Ольга Играева - Две дамы и король
Не трясись, ничего они не найдут и не выяснят, а суетиться начнешь, наоборот, им мысль подашь". А ему отвечают, мол, «глупо получилось, мне теперь эти очки покоя не дают, все время мерещится, что они знают про эти клятые стекла, что делать, черт меня дернул в салон пойти». А тот снова — мол, не суетись, замри, только хуже сделаешь… Я толком ничего не поняла, что за очки и о чем речь. Я не успела отойти от двери, как она раскрылась и на меня Булыгин смотрит — прямо взглядом буравит, злобно так.
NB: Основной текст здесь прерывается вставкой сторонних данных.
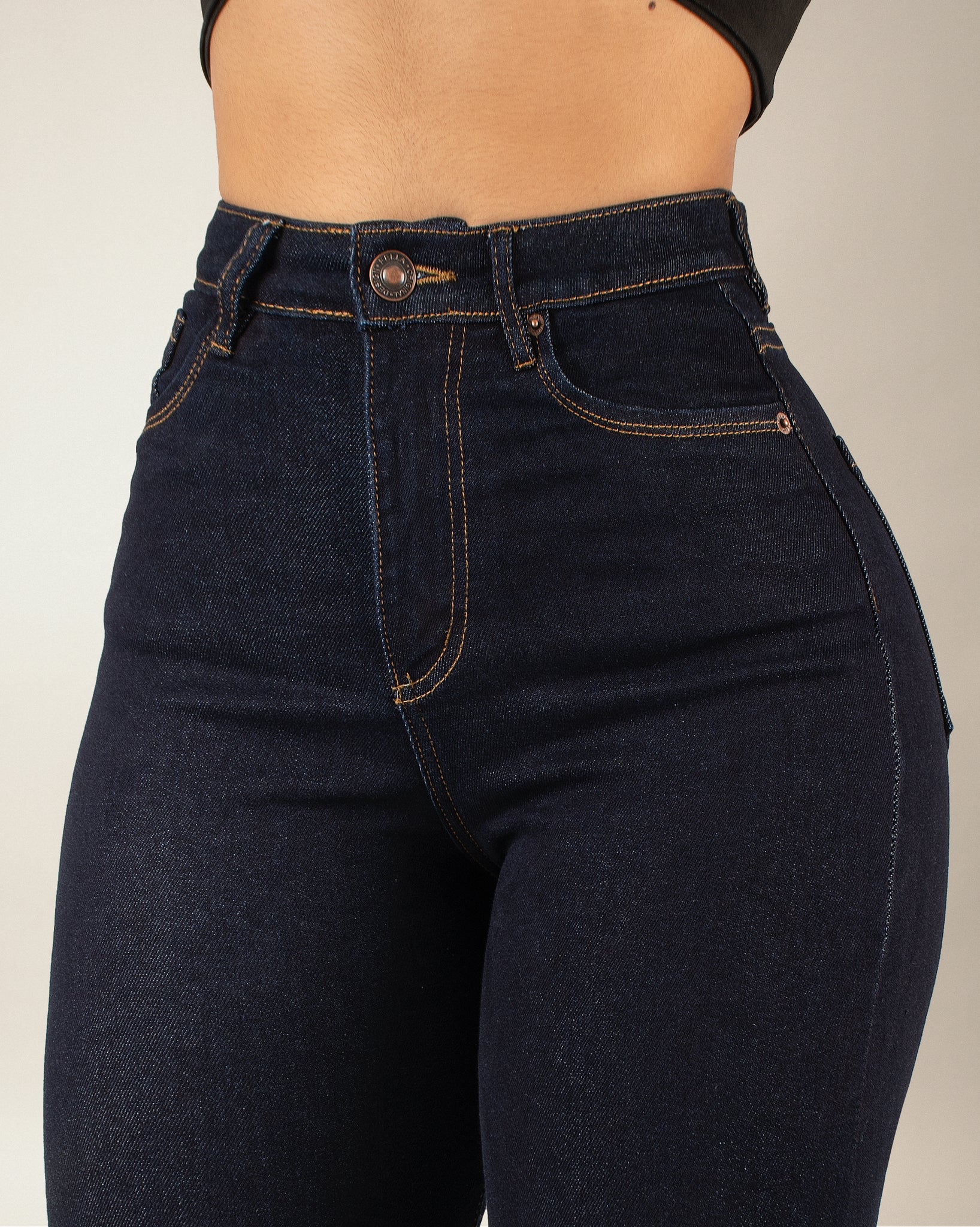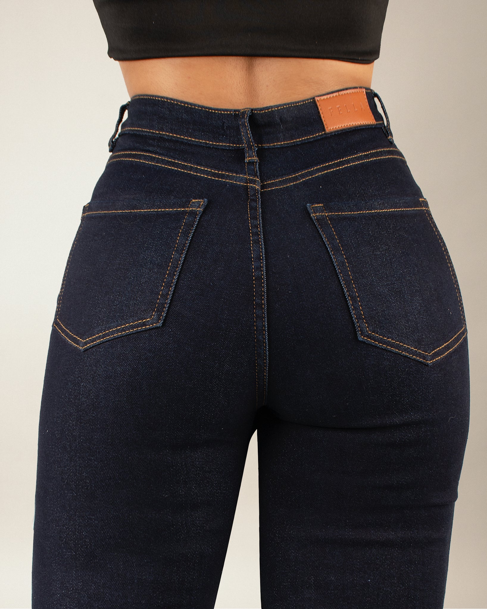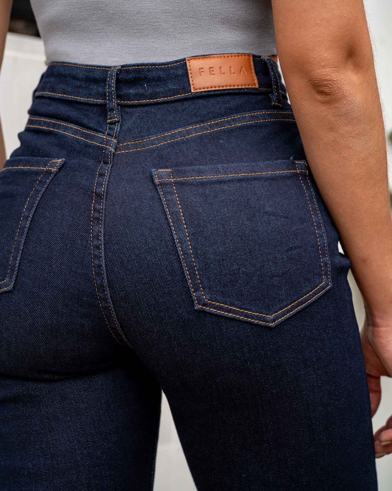 Jean tiro alto en tela stretch con silueta tipo "mom flare". Ideal para armar tus outfits. Maria Fernanda usa un jean talla 8 y mide 1.72 cm.

И грубо спрашивает — чего ты тут крадешься, что надо? Я лопочу про рекламу и клиентов, а он, по-моему, даже не слушал толком. Смотрит на меня пристально и будто соображает про себя… Сказал он мне что-то вроде: пошли ты подальше этот «Гефест» Знаете, смешно, но он, кажется, не поверил, что я только из-за «Гефеста» к нему ткнулась… Позже я пораскинула мозгами — очень впечатлила меня его реакция, — и знаете, мне показалось, что его грубость — она была из-за страха. Он испугался.
— Вы заметили, кто был у него в кабинете? — спросил Карапетян.
— Да, его брат. Но самое смешное, я не могу сказать вам, кто из них какие слова говорил. У них безумно похожи голоса.
Что же, вопреки ожиданиям информация была небезынтересной, если, конечно, этой юной особе ни чего не привиделось и не послышалось, думал Карапетян. Забавный поворот событий.
— Послушайте, я сейчас задам вам странный вопрос. Почему вы решили мне это рассказать? — поинтересовался он у «баскетболистки».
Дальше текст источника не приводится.